November 14, 2005
Whether it's a Rembrandt self-portrait, a Picasso still life, or a homey country scene by Andrew Wyeth, all of us have been deeply moved at different times in our lives by great works of art. Now, museums across the country are utilizing the therapeutic power of art to bring benefits to the millions of Americans who suffer from Alzheimer's disease.
The Museum of Modern Art in New York and the Museum of Fine Arts in Boston are among the institutions opening their doors to people with Alzheimer's. Each week, small groups of people in the early to middle stages of the disease visit the museum galleries to look at art. Individuals are encouraged to discuss the works and to express whatever thoughts and emotions come to mind. Care partners of those who attend the museum tours notice that their loved ones with Alzheimer's become more alert, emotionally charged, and talkative after a museum visit.

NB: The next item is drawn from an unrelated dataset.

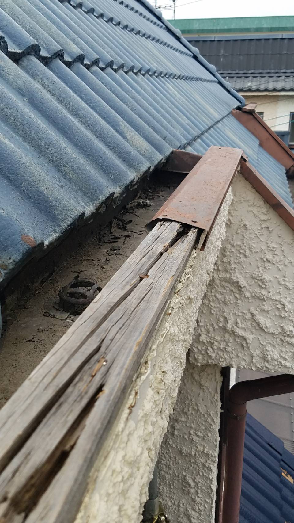 板金の笠木の下地が腐って、釘が抜けやすくなり、飛んで行ったようです。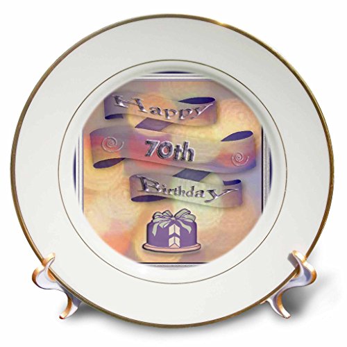 3dRose cp_24377_1 Ribbon and Cake Happy 70th Birthday Porcelain Plate, 8-Inch

Art appreciation tours are a natural extension of art therapy classes, in which painting, sculpture, and other fine arts are taught to people with Alzheimer's disease. Seeing art and talking about it, like creating art, is thought to release trapped emotions and engage parts of the brain that keep the mind active and the memory intact. A study from Brighton, England in 1999 found that a 10-week art therapy program eased depression in about half of those suffering from Alzheimer's disease. And during an individual art session, researchers observed, participants became more relaxed and sociable.
Earlier this year, the Brooks Museum of Art in Memphis, Tennessee displayed a powerful collection of paintings by local men and women with Alzheimer's disease. The works, inspired by pieces in the museum's collection and created by people with Alzheimer's disease working with an art therapist, are rich in emotions, thoughts, and memories.
For many people with Alzheimer's, the ability to appreciate art, or to create it, does not diminish as the memory fades. In fact, art may prove a vital creative outlet for many with the disease who can no longer read or have trouble speaking or understanding words.
When painter and high school art teacher Wanda Lu (not her real name) was forced to retire in 1995 at age 52 because of Alzheimer's disease, she could no longer remember her students' names. But as her mental capacities declined, her artistic talent seemed to blossom. "We typically don't think that something could be getting better, we only think about what's getting worse," said Bruce L. Miller, MD, of the University of California, San Francisco, who treated Ms. Lu. "Now I always ask if there's anything patients are doing very well, or better than before." [See the article,"Nurturing Inner Strengths When Dementia Strikes."]
Art, like music, seems to touch areas deep in the brain that are vital for well-being and emotional health, regardless of age or mental capacities. That's one reason why Snoezelen therapy, using rooms filled with soft colored lights, gentle music, pleasing aromas, and plush pillows, has become increasingly popular across the U.S. as well. This potentially fun and peaceful approach to stimulating the senses appears to ease the agitation, wandering, and other disturbing symptoms that so commonly afflict those with serious dementia. See the article, "Snoezlen Rooms May Offer Benefits for those with Dementia".
Art therapists who work with people with Alzheimer's disease recommend that art projects be kept on an adult level, avoiding crayons or other child-like instruments that might appear demeaning. Scissors or other sharp tools should also be avoided. In addition, it's important to engage the person in conversation, encouraging them to discuss what they are creating and to tell stories and reminisce. It may be necessary to aid the person as well, guiding the paintbrush, for example, to get the project started. Allow plenty of time, and remember the project need not be completed in one session or may be complete when the person with Alzheimer's says it is.
Randy Kennedy: The New York Times, "The Pablo Picasso Alzheimer's therapy," October 30, 2005.